Duke joins first national effort to test a potential COVID-19 therapy
Adults with severe symptoms of the novel illness will have the opportunity to participate
Duke University Hospital has joined the first national study to test a potential therapy for COVID-19, giving hospitalized adult patients with significant symptoms an option to participate.
The investigational treatment, known as remdesivir, is an antiviral agent that was previously tested in humans with Ebola virus disease and has shown promise in animal studies against MERS and SARS, diseases that emerged from different strains of the coronavirus.
Duke is set to begin enrolling eligible patients immediately.
“Duke’s participation in this national study creates an extra option for potential patients in our community who have serious complications from COVID-19,” said Cameron Wolfe, M.D., the study’s principal investigator. “Currently, there are no approved therapies for this disease, so we are eager to contribute in any way to help find ways to fight this global pandemic.”
Participants in the study, designed to evaluate the safety and effectiveness of remdesivir, will be randomly assigned to either receive the therapy or a mock treatment. To assure the results are not biased, patients and their doctors will not know who receives the active therapy.
All potential participants will undergo a baseline physical exam before receiving treatment and must have significant symptoms such as difficulty breathing, using supplemental oxygen or needing mechanical ventilation.
“The trial is limited to people in the hospital with more severe symptoms, because most people with COVID-19 will recover fine at home with no need for therapies,” said Emmanuel “Chip” Walter, M.D., co-investigator on the study. “We do not want to expose people with mild or no symptoms to a therapy that could have potential side effects.”
Participants in the investigational treatment group will receive a daily intravenous dosage of remdesivir for up to 10 days. The placebo group will receive a similar administration of inactive ingredients. Patients will be assessed daily for measurable changes in their conditions.
Trial data will be pooled from all the participating clinical sites roughly mid-way through the enrollment period and analyzed to determine whether changes should be made to the study’s design.
If, at that midpoint, patients showed no benefit, the study could be halted, or revised to add another therapy that might boost the response.
“We need to be able to move quickly, and this sort of study design will help us understand sooner rather than later whether the therapy is beneficial,” Walter said.

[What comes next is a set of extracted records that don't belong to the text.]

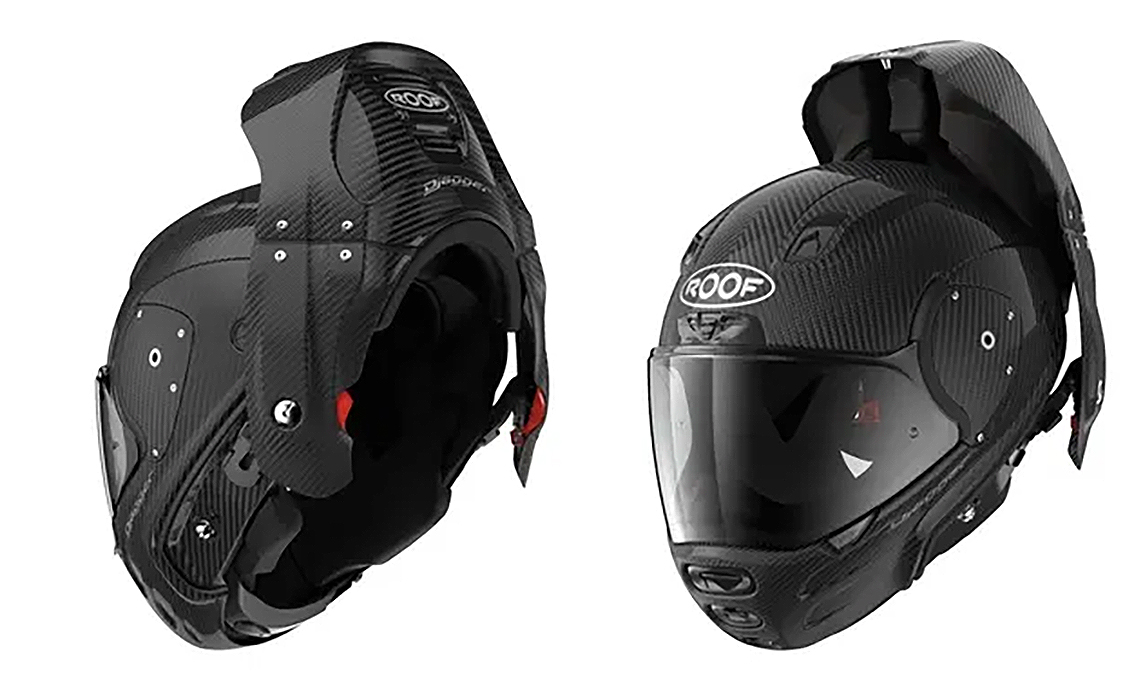 O mais recente capacete de moto da Roof abre pela parte traseira, permitindo assim que seja colocado na cabeça do motociclista.
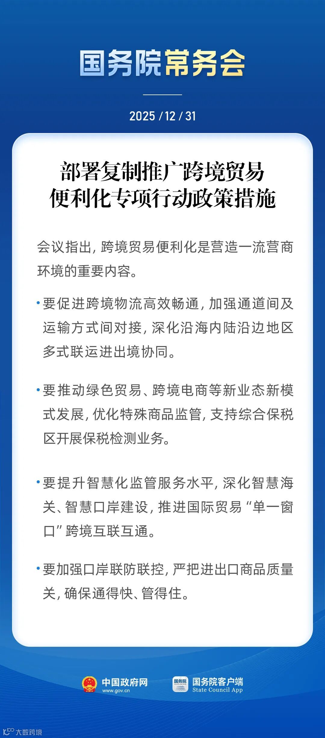 国务院常务会议部署复制推广跨境贸易便利化专项行动政策措施,旨在优化营商环境、激发外贸内生动力,并精准对接2026年进口跨境电商发展新趋势。在消费升级深化、数字技术全面赋能、全球供应链加速重构背景下,该政策将系统性打通堵点、拓展空间,推动行业实现规模与质量双提升。
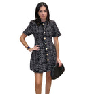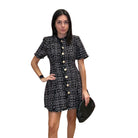 Classic meets modern 🖤 This short sleeve tweed mini dress features a flattering fit-and-flare cut, frayed hem trim, and luxe gold button details—an easy yes for every occasion.
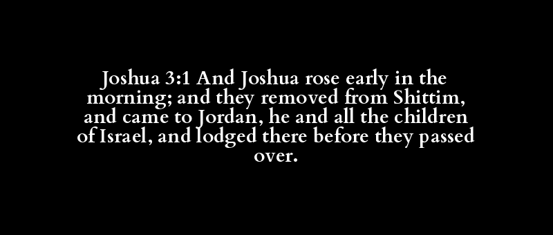 Joshua 3:1 And Joshua rose early in the morning; and they removed from Shittim, and came to Jordan, he and all the children of Israel, and lodged there before they passed over.
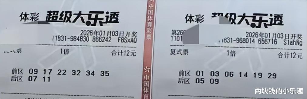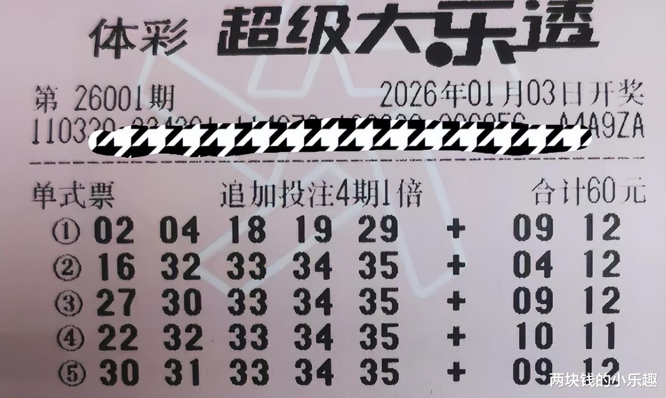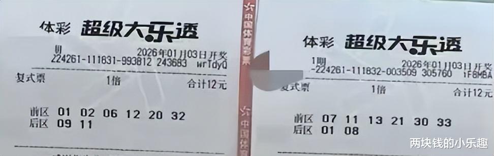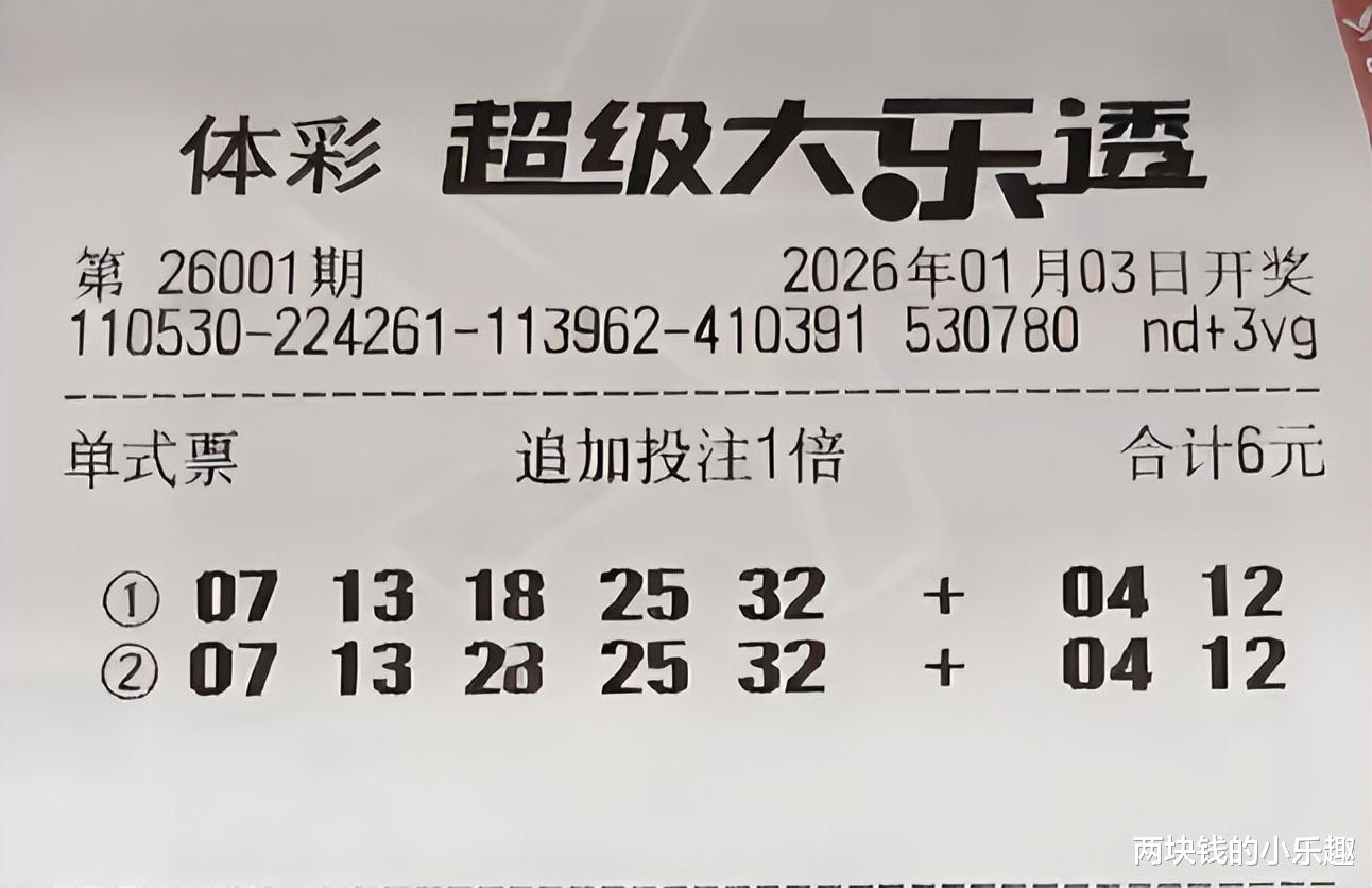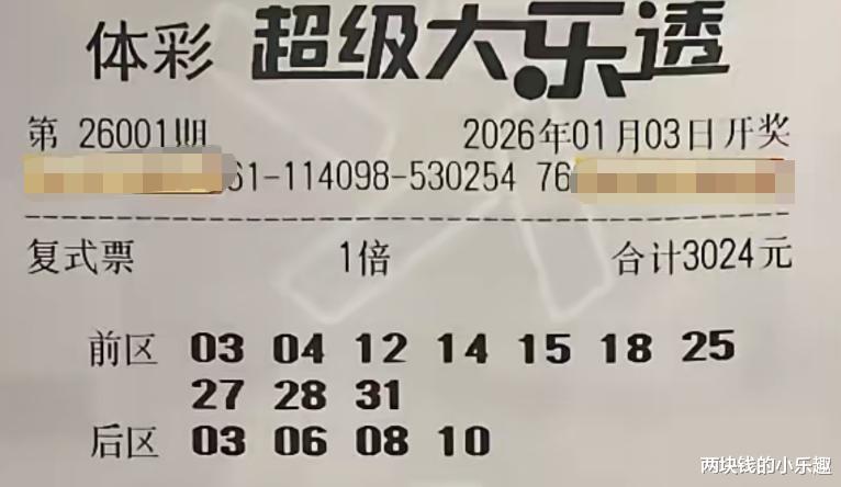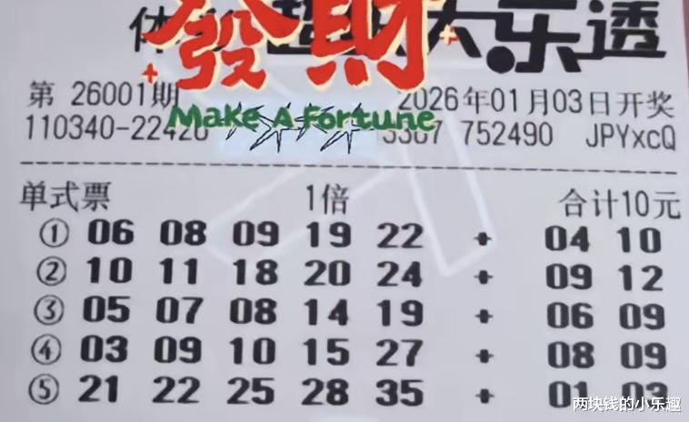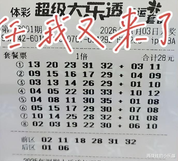 大家好,今天是1月3日,星期六,今晚大乐透第26001期将要开奖,这是2026的第一期,比较备受瞩目的一期,也是彩友们比较期待的一期,恰逢现在是元旦假期,时间比较充裕,所以彩友早就研究好本期的方向并出了票,下面请大家开始欣赏:
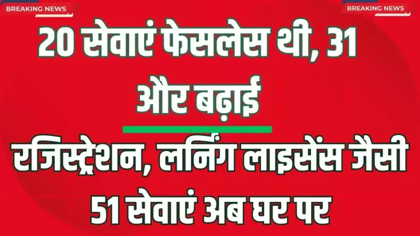 मध्य प्रदेश परिवहन विभाग ने अब 31 नई सेवाओं को भी फेसलेस कर दिया है। अब कुल 51 सेवाओं का लाभ लोग घर बैठे ऑनलाइन ही उठा सकेंगे। इनमें ड्राइविंग लाइसेंस का नवीनीकरण, लर्निंग लाइसेंस जारी करना, वाहन रजिस्ट्रेशन वाहन का ट्रांसफर जैसी अनेकों सेवाएं शामिल है।

The study is funded by the National Institute of Allergy and Infectious Diseases, part of the National Institutes of Health (NIH), and managed by the Frederick National Laboratory for Cancer Research. Gilead Sciences Inc. developed remdesivir and is supplying it for the study.
“Facing an urgent need to find treatments for COVID-19, we are able to rely on decades of collaborative work among the many talented teams at Duke to advance the knowledge and treatment of infectious diseases,” said Mary E. Klotman, M.D., dean of the Duke University School of Medicine.